I’ve wandered these buildings.
I’ve sat in these offices (and in some potentially unfortunate cases maybe in these same exact chairs).
I went to school here.
I left.
Nine years later: I’m back.
Once a student. Now staff.
Always a Bulldog.
So much seems the same and yet so different.
I’ve lived in this town… kind of. The brick-paved streets feel familiar as I make my way to restaurants and stores and businesses around.
Some remain. Some have changed.
And I find myself back on the same 2.7 mile path on the east side of town where I pounded the pavement training for my first half-marathon 10 years ago. And the curves are the same, the bridges bring back memories, the sunrises and sunsets still beautiful.
It’s so similar and yet so different.
This time as I ponder this “moving back” yet “staring over”, the difference hits me:
The trees have grown. It makes sense that they’re bigger now, but it takes me a while to notice.

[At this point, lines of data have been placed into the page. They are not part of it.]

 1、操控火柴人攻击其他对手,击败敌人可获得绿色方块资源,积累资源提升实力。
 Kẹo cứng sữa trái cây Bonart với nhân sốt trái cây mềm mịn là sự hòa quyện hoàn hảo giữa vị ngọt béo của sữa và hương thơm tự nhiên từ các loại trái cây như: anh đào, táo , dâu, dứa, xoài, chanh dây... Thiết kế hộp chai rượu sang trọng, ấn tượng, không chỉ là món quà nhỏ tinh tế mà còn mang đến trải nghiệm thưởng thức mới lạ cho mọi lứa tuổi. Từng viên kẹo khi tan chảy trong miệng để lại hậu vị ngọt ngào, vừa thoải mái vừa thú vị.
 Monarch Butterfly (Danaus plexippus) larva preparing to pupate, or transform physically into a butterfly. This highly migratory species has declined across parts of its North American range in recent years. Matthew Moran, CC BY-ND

Wide open spaces now filled in with green leaves and big brown branches.
And I realize that I, too, am the same and yet so different.

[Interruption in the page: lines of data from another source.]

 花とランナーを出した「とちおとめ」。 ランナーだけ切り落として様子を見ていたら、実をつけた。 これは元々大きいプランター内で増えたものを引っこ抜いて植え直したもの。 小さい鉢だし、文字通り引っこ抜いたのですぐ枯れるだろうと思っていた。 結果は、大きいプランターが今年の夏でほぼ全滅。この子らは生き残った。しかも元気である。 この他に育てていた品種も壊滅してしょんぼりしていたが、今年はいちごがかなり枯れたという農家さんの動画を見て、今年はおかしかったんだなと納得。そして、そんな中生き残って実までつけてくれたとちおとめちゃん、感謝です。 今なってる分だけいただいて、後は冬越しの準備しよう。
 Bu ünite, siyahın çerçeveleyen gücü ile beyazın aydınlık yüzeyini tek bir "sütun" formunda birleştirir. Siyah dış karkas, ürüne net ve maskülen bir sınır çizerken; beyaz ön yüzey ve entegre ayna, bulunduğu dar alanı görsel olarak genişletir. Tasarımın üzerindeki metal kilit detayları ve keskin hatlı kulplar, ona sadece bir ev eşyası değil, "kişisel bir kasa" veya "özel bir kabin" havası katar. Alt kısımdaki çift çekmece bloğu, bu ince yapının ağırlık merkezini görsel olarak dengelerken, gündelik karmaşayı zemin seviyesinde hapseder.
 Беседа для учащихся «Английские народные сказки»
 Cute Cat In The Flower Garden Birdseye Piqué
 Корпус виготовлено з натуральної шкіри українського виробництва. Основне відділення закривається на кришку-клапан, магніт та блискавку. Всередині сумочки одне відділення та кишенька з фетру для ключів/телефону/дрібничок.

The buds that began sprouting in my life in the spring of 2010 are flowering now in 2019. And branches beginning to grow out of control have been pruned and cut back by life and loving humans placed around me. Like wear-and-tear on dorm room furniture, I have a few more scars than when I walked out of this place in a graduation cap. And in other ways I’m stronger now than I’ve ever known.
Scripture tells us that “those who sow with tears will reap with songs of joy.”
And I can’t help think of the tears sown on Ruth B third,
and SW Pit,
and in the very office that now has my name on the door.
What seeds were watered then that God is bringing to life here nearly a decade later?
I see them springing up all over the place.
Morning by morning,
day by day:
New mercies. New life.
New songs of joy.
In renewed passion.
In a great team.
In gifts and experiences uniquely preparing me for this work.
In 49 amazing human beings who walked on campus tonight … and many more in the days ahead.
In the chance to walk with them through this year.
In hope that maybe a decade from now they’ll find themselves looking back on these years and know without a doubt that God used this time to shape them uniquely for the calling He has on their lives.
Yes, I’ve walked these halls.
And I’m glad to walk them again.
Enjoyable story of life for you these days.